In an interview with MarketWatch on Wednesday, Nvidia Chief Financial Officer Collette Kress said that executives are trying to be much more forceful and decisive early in the process of this downturn, effectively looking to rip off the band-aid before new products arrive. Nvidia took a $1.22 billion inventory write-down so that its channel partners can drop prices and move Nvidia’s existing products faster before new ones are launched.

“We are taking different actions,” Kress said Wednesday. “This time it is about working very fast on the inventory corrections. We haven’t even started that new-product introduction. We have adjusted pricing in the channel.”

Even so, the news did not initially sit well with Wall Street, which was concerned about the future of gaming revenue. In after-hours trading, shares fell nearly 5%. Nvidia said gaming revenue will be down sequentially in the upcoming fiscal third quarter from the quarter it just reported. Nvidia’s gaming revenue was $2.04 billion, down 44% sequentially and down 33% year-on-year. In the April quarter, gaming reached a peak of $3.6 billion in revenue.

As analysts tried to get a sense of what the growth rate for gaming will be going forward, Kress remained optimistic.

“While gaming navigates significant short-term macroeconomic challenges, we believe the long-term fundamentals in gaming remain strong,” she said.

See also: Cathie Wood dumps Nvidia stock ahead of earnings results

Nvidia announced its new chip architecture, nicknamed Hopper for famed programmer Grace Hopper, in March, but products featuring the chips have not made it to market en masse yet. Based on previous announcements, it is likely that Nvidia executives will detail new gaming cards using the Hopper chips at its fall GTC event, scheduled for Sept. 19-22.

“We’ll get through this over the next few months and go into next year with our new architecture,” Nvidia co-founder and Chief Executive Jensen Huang told analysts on a conference call. “I look forward to telling you more about it at GTC next month.”

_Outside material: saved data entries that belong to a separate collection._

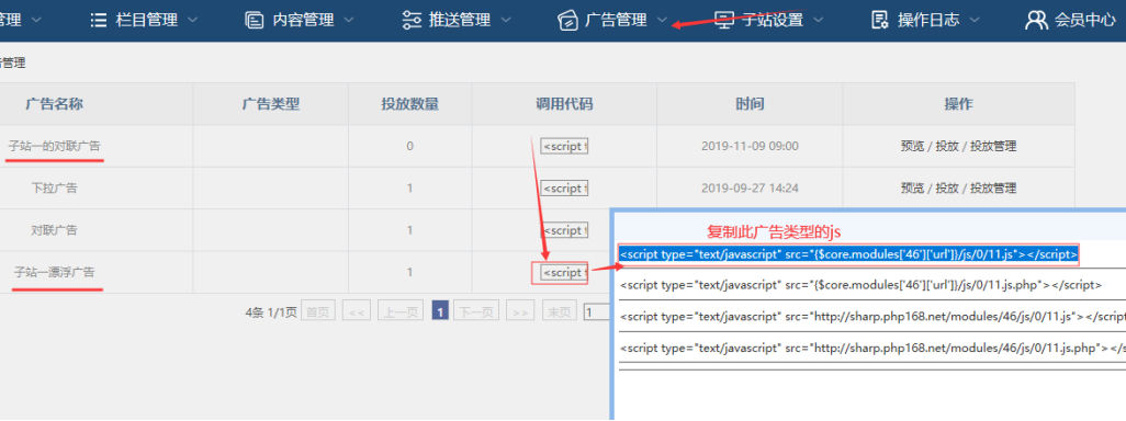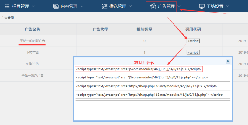 備注:這種js放置,只需要放置一次即可! 后續(xù)后臺可以開啟或關(guān)閉對應(yīng)的廣告。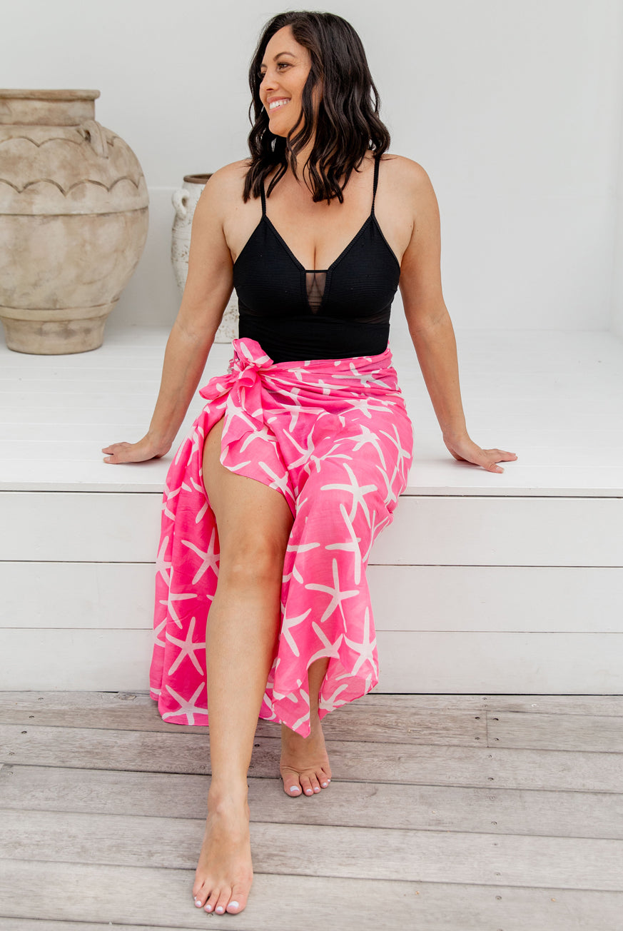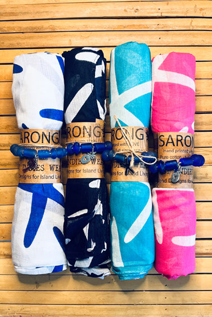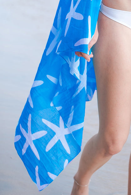 This starfish print takes us back to wear our brand started and remains one of our best sellers today. A sarong is an essential beach accessory, there are so many things you will end up using it for. Not just amazing different ways to wear it. You will be amazed how handy they are. Our sarongs are special because they are made from the softest lightweight pure cotton. (most sarongs are viscose) This is the lightest weight fabric in the collection.
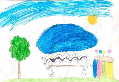 Я нарисовала свой район, у нас очень красиво, озеро рядом, парк, деревья, скамейку нарисовала и цветы. Нам очень нравится наш район, мы каждый вечер гуляем с родителями
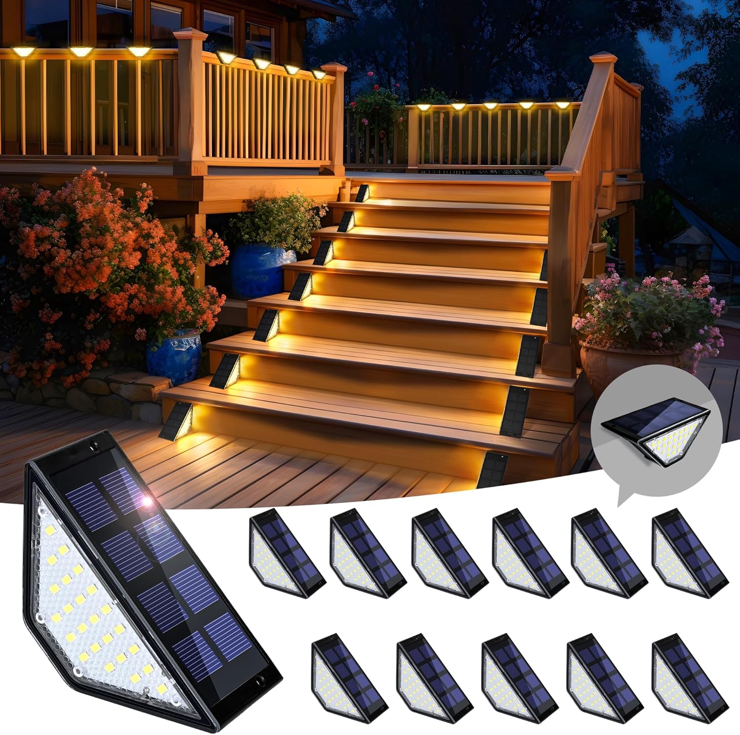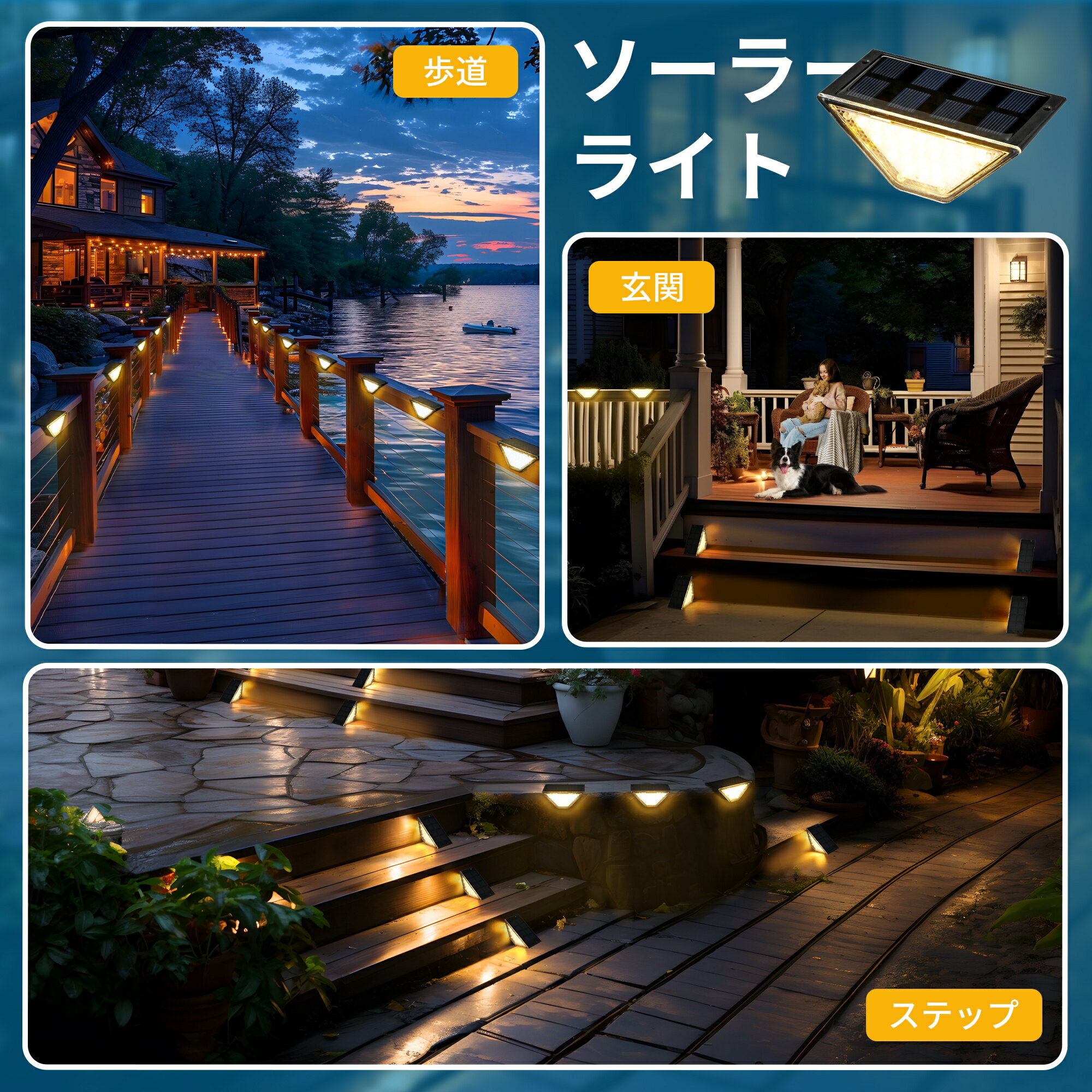 ★5倍ポイント+最大2000円オフクーポン★ ソーラーライト 屋外 階段ライト LED ソーラー デッキ ライト ガーデンライト IP67防水 フェンスライト アウトドア ライト テラスライト ソーラー充電 通路 警告 庭 ライト 玄関 歩道 軒 ガーデン 自動点灯 透明デザイン 電球色

If Nvidia wants to come out of this downturn faster and avoid a prolonged downturn, executives will need more than a quick inventory move — maintaining the data-center category’s 60% growth, as reported Wednesday, would be a good start. However, at least it seems executives have learned from their last trip through the semiconductor sales cycle, and have hopes for a faster turnaround this time.